───── Extracted entries ─────

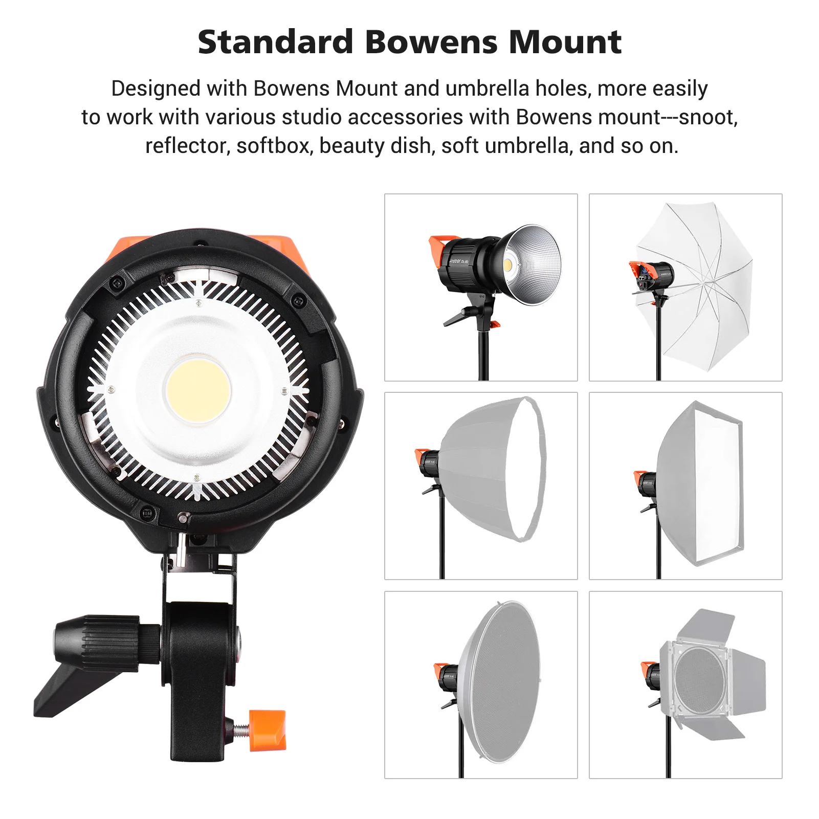 Стандартное Крепление Bowens:Разработан с креплением Bowens и отверстиями для зонтов, более легко работать с различными студийными аксессуарами с креплением Bowens --- snoot, reflector, softbox, beauty dish, soft umbrella и так далее.
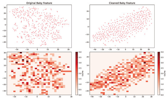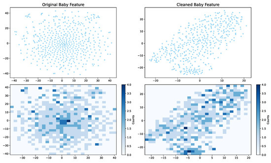 We visually analyzed the multimodal information denoising enhancement method proposed in this paper, and visualized the modal features before denoising and the enhanced features after denoising. We randomly selected 500 items from the baby dataset, and reduced the high-dimensional modal features to a two-dimensional plane using a nonlinear dimensionality reduction method called tSNE. Then, we used two-dimensional histograms to further visualize. Figure 4 and Figure 5 show our visual results. By analyzing the distribution of two-dimensional features, we can see that the modal information before denoising is not evenly distributed in the two-dimensional histogram, there are many outliers and many high-density regions. After noise reduction, the feature distribution is more uniform, and the color distribution of outliers and two-dimensional histograms is more balanced. By comparing FIG. 5 and FIG. 6, it can also be seen that the distribution of image features is more uniform than that of text. Therefore, in the ablation experiment of the modal information input, it was found that the impact of image information on model performance was greater than that of text information.
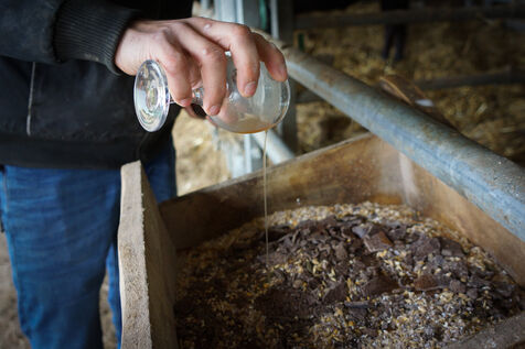 À leur retour à Auros, les génisses vont à la reproduction, et les boeufs retrouvent l'étable pour y être engraissés. « La finition dure dix mois pour les Bazadaises et 18 mois pour les Wagyus », précise Pierre-Julien qui, en devenant éleveur bovin, s?est découvert une passion pour l'alimentation et l'engraissement de ses animaux. « J'ai conçu une base de nutrition avec l'aide d'une nutritionniste, puis je l?ai faite évoluer au fil de mes rencontres avec des éleveurs de Wagyus. J'apporte beaucoup d'importance à la rigueur alimentaire, comme les athlètes ou les pâtissiers. Une mesure est une mesure. Nous pesons tous les ingrédients de la ration pour obtenir une ration quotidienne précise, distribuée à la mesure près. L'excellence est un ensemble de détails qui ne se voient pas forcément au premier coup d'oeil. » La portion journalière des boeufs va ainsi augmenter progressivement pour passer du 100 % herbe Mayennaise aux 100 % céréales Girondines.
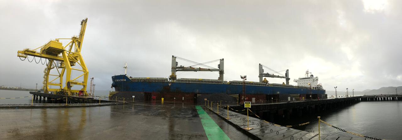 O navio Star Athena é um transportador de granéis construído em 2012 e com capacidade de carga de 57809 toneladas. Possui caladode 6,5 metros, comprimento total de 189,99 metros e largura de 32,26 metros. Após o carregamento, a embarcação segue com as 44 mil toneladas de minério baiano para a China.
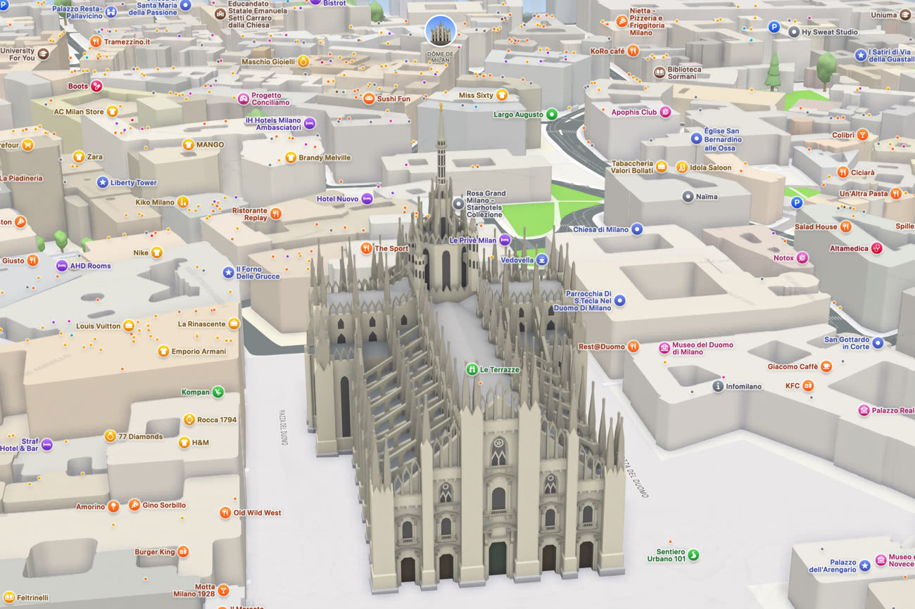Ce mode s’ajoute au survol FlyOver qui se base sur les photographies satellites appliquées aux modèles 3D des bâtiments. Cette fois, c’est la vue standard qui est concernée : en basculant en 3D, on voyait déjà les formes grossières des immeubles, une fonctionnalité présente un petit peu partout. La particularité supplémentaire du DCE, c’est la représentation améliorée de quelques bâtiments dans une ville, comme ici à Milan.
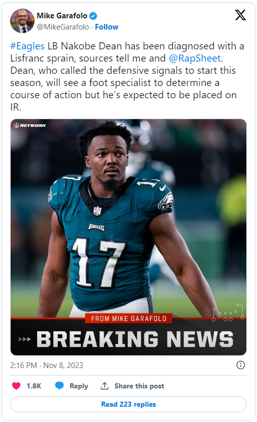 Posted November 9, 20232 yr Nakobe Dean reportedly expected to head to IR again A frustrating season for Nakobe Dean keeps piling on as the young LB is reportedly expected to head back to IR. By Dave Zangaro • Published November 8, 2023 Eagles linebacker Nakobe Dean is expected to head back to Injured Reserve, NFL Network’s Mike Garafolo reported on Wednesday. According to the report, Dean suffered a Lisfranc sprain against the Cowboys on Sunday afternoon and will see a foot specialist. When Dean left the field, he slammed his helmet to the ground, walked inside with a trainer and did not return. This will be the second stint on IR for Dean this season with a foot injury. This injury doesn’t necessarily end Dean’s season. Players can be designated to return from IR twice per season. But the 2023 campaign is certainly not going how Dean expected. The 22-year-old came into the season as the Eagles’ MIKE linebacker and signal caller but got hurt in the season opener against the Patriots and missed four games. Upon his return on Oct. 15, Dean found himself in a linebacker rotation with Nicholas Morrow and Zach Cunningham. And after just four games in that rotation, Dean (who never missed a game at Georgia) is already hurt again. It’s also worth noting that Dean hasn’t played exceptionally well when he has been on the field. In five games this season (four starts), Dean has 30 tackles, half a sack, 2 TFLs and 1 QB hit. He’s been better against the run than the pass. The Eagles basically gave Dean a redshirt rookie season behind T.J. Edwards and Kyzir White in 2022. But the team was ready to insert the third-round pick from Georgia into the starting lineup in 2023. He was the MIKE linebacker all spring and summer and in the first start of the season. But a frustrating year keeps piling on. For however long Dean is out, the Eagles will rely on Morrow and Cunningham. Morrow didn’t even make the Eagles’ initial 53-man roster out of training camp and Cunningham didn’t sign with the team until August. But both have played above expectations this season. This injury does leave the Eagles light with linebacker depth. Their only pure linebacker on the bench is Christian Elliss. They do have Ben VanSumeren and Brandon Smith on the practice squad. https://www.nbcsportsphiladelphia.com/nfl/philadelphia-eagles/nakobe-dean-reportedly-expected-to-head-to-ir-again/545402/

─────

*Work required:* With images omitted, retype the data word for word.

*Result below:*
 Стандартное Крепление Bowens:Разработан с креплением Bowens и отверстиями для зонтов, более легко работать с различными студийными аксессуарами с креплением Bowens --- snoot, reflector, softbox, beauty dish, soft umbrella и так далее.
 We visually analyzed the multimodal information denoising enhancement method proposed in this paper, and visualized the modal features before denoising and the enhanced features after denoising. We randomly selected 500 items from the baby dataset, and reduced the high-dimensional modal features to a two-dimensional plane using a nonlinear dimensionality reduction method called tSNE. Then, we used two-dimensional histograms to further visualize. Figure 4 and Figure 5 show our visual results. By analyzing the distribution of two-dimensional features, we can see that the modal information before denoising is not evenly distributed in the two-dimensional histogram, there are many outliers and many high-density regions. After noise reduction, the feature distribution is more uniform, and the color distribution of outliers and two-dimensional histograms is more balanced. By comparing FIG. 5 and FIG. 6, it can also be seen that the distribution of image features is more uniform than that of text. Therefore, in the ablation experiment of the modal information input, it was found that the impact of image information on model performance was greater than that of text information.
 À leur retour à Auros, les génisses vont à la reproduction, et les boeufs retrouvent l'étable pour y être engraissés. « La finition dure dix mois pour les Bazadaises et 18 mois pour les Wagyus », précise Pierre-Julien qui, en devenant éleveur bovin, s?est découvert une passion pour l'alimentation et l'engraissement de ses animaux. « J'ai conçu une base de nutrition avec l'aide d'une nutritionniste, puis je l?ai faite évoluer au fil de mes rencontres avec des éleveurs de Wagyus. J'apporte beaucoup d'importance à la rigueur alimentaire, comme les athlètes ou les pâtissiers. Une mesure est une mesure. Nous pesons tous les ingrédients de la ration pour obtenir une ration quotidienne précise, distribuée à la mesure près. L'excellence est un ensemble de détails qui ne se voient pas forcément au premier coup d'oeil. » La portion journalière des boeufs va ainsi augmenter progressivement pour passer du 100 % herbe Mayennaise aux 100 % céréales Girondines.
 O navio Star Athena é um transportador de granéis construído em 2012 e com capacidade de carga de 57809 toneladas. Possui caladode 6,5 metros, comprimento total de 189,99 metros e largura de 32,26 metros. Após o carregamento, a embarcação segue com as 44 mil toneladas de minério baiano para a China.
Ce mode s’ajoute au survol FlyOver qui se base sur les photographies satellites appliquées aux modèles 3D des bâtiments. Cette fois, c’est la vue standard qui est concernée : en basculant en 3D, on voyait déjà les formes grossières des immeubles, une fonctionnalité présente un petit peu partout. La particularité supplémentaire du DCE, c’est la représentation améliorée de quelques bâtiments dans une ville, comme ici à Milan.
 Posted November 9, 20232 yr Nakobe Dean reportedly expected to head to IR again A frustrating season for Nakobe Dean keeps piling on as the young LB is reportedly expected to head back to IR. By Dave Zangaro • Published November 8, 2023 Eagles linebacker Nakobe Dean is expected to head back to Injured Reserve, NFL Network’s Mike Garafolo reported on Wednesday. According to the report, Dean suffered a Lisfranc sprain against the Cowboys on Sunday afternoon and will see a foot specialist. When Dean left the field, he slammed his helmet to the ground, walked inside with a trainer and did not return. This will be the second stint on IR for Dean this season with a foot injury. This injury doesn’t necessarily end Dean’s season. Players can be designated to return from IR twice per season. But the 2023 campaign is certainly not going how Dean expected. The 22-year-old came into the season as the Eagles’ MIKE linebacker and signal caller but got hurt in the season opener against the Patriots and missed four games. Upon his return on Oct. 15, Dean found himself in a linebacker rotation with Nicholas Morrow and Zach Cunningham. And after just four games in that rotation, Dean (who never missed a game at Georgia) is already hurt again. It’s also worth noting that Dean hasn’t played exceptionally well when he has been on the field. In five games this season (four starts), Dean has 30 tackles, half a sack, 2 TFLs and 1 QB hit. He’s been better against the run than the pass. The Eagles basically gave Dean a redshirt rookie season behind T.J. Edwards and Kyzir White in 2022. But the team was ready to insert the third-round pick from Georgia into the starting lineup in 2023. He was the MIKE linebacker all spring and summer and in the first start of the season. But a frustrating year keeps piling on. For however long Dean is out, the Eagles will rely on Morrow and Cunningham. Morrow didn’t even make the Eagles’ initial 53-man roster out of training camp and Cunningham didn’t sign with the team until August. But both have played above expectations this season. This injury does leave the Eagles light with linebacker depth. Their only pure linebacker on the bench is Christian Elliss. They do have Ben VanSumeren and Brandon Smith on the practice squad. https://www.nbcsportsphiladelphia.com/nfl/philadelphia-eagles/nakobe-dean-reportedly-expected-to-head-to-ir-again/545402/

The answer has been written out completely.